Ghost tree filtering?


(Irene) #1

Hi, I am trying to use a ghost tree for fungal ITS sequences and I’ve been following the tutorial but I am having trouble using the pre-made ghost trees and filtering the table to match the feature_ids. I thought there might be some file that just lists all the ghost tree IDs somewhere and you filter using that somehow, but I couldn’t find one.

"All feature_ids must be present as tip names in phylogeny. feature_ids not corresponding to tip names (n=3430): "

Can someone explain how exactly you filter your table so that it gets rid of anything not in the ghost tree?

I used a 2/2/2019 UNITE version to do the vclust (I am also confused as to why you cannot use the output from the taxonomy classifier). I could only find 2017 ghost trees so I originally picked the one for the classifier I was using (unite-ver7-dynamic-classifier-01.12.2017.qza), so do those versions have to be identical?

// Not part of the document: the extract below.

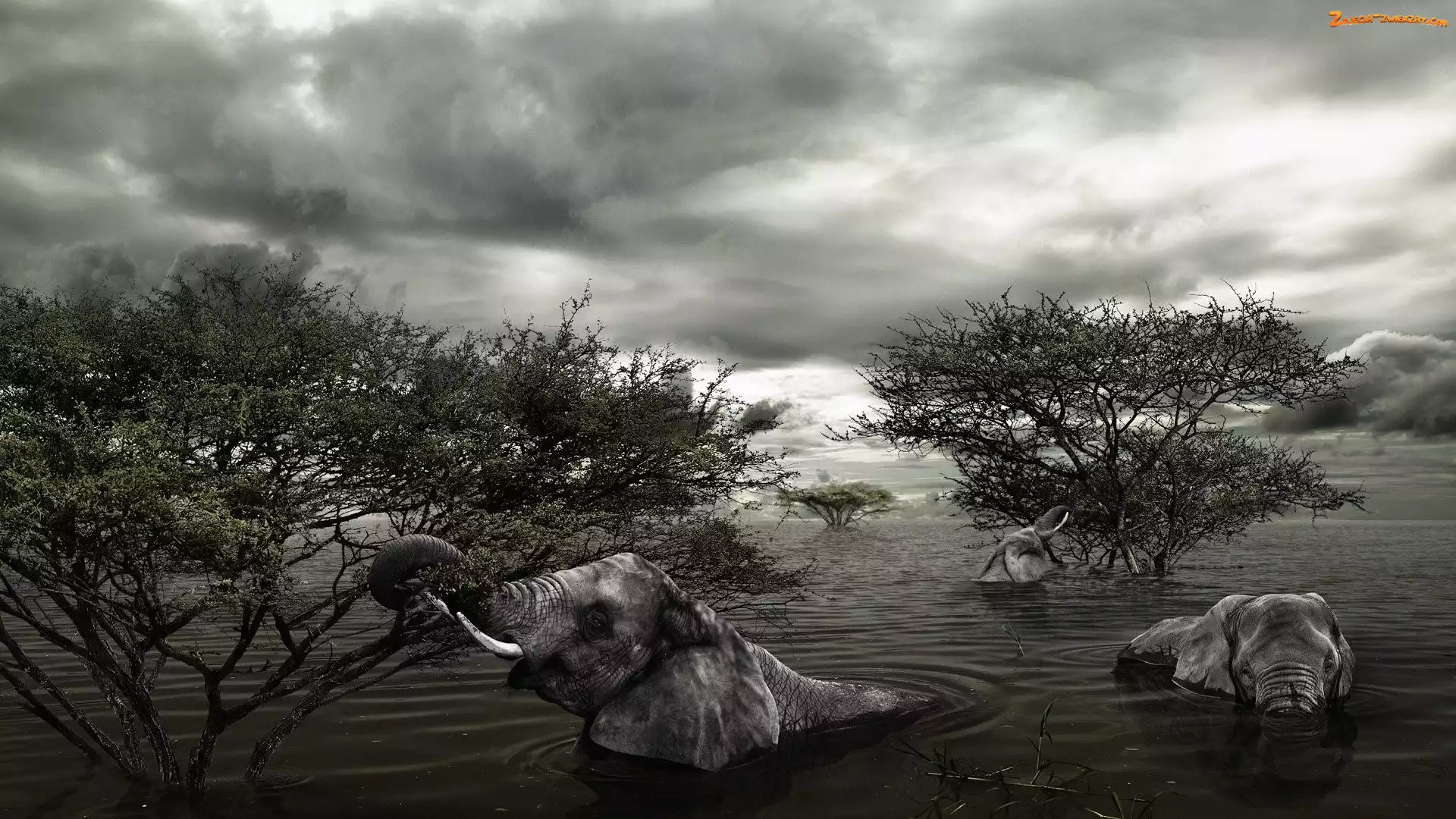 Zdjęcie: Słonie, Chmury, Powódź, Drzewa

Any help would be very appreciated!
Thank you!

(Matthew Ryan Dillon) #2

In the meantime, @ihoxie, have you seen this tutorial?

(Jennifer Fouquier) #3

Hi @ihoxie, glad you are using the pre-made ghost tree, but it sounds like it’s not working well for you for some reason. n=3430 is not good! It could be because you’re using a tree that doesn’t match the names in your table.

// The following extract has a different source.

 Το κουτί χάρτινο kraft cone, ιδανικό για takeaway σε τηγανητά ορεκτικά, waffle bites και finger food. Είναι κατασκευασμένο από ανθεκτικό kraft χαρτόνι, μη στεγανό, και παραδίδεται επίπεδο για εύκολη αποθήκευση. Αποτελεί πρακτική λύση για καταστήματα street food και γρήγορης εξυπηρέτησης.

So to clarify there is some confusion with the terms (no fault of yours). There is the ghost-tree software tool (italicized) and there are also ghost trees that are just the .nwk trees that are the output of running the ghost-tree tool. Basically we just call them ghost trees because they’re not a true phylogenetic tree… it’s a hybrid of two databases.

There is an accession file included in each ghost tree folder that you can use to filter your table to match the ghost-tree.nwk files. These are the most recent trees I have made and each folder contains the file you can use, although I see now that there is a 2018 UNITE version now. I can make these in a few weeks. Where did you find a 2019 UNITE version? :slight_smile: Either way, you need to make sure the IDs in your tables will exactly match the IDs in the ghost tree .nwk file. If you want a custom ghost tree, you would have to install the ghost-tree plugin and build a new one.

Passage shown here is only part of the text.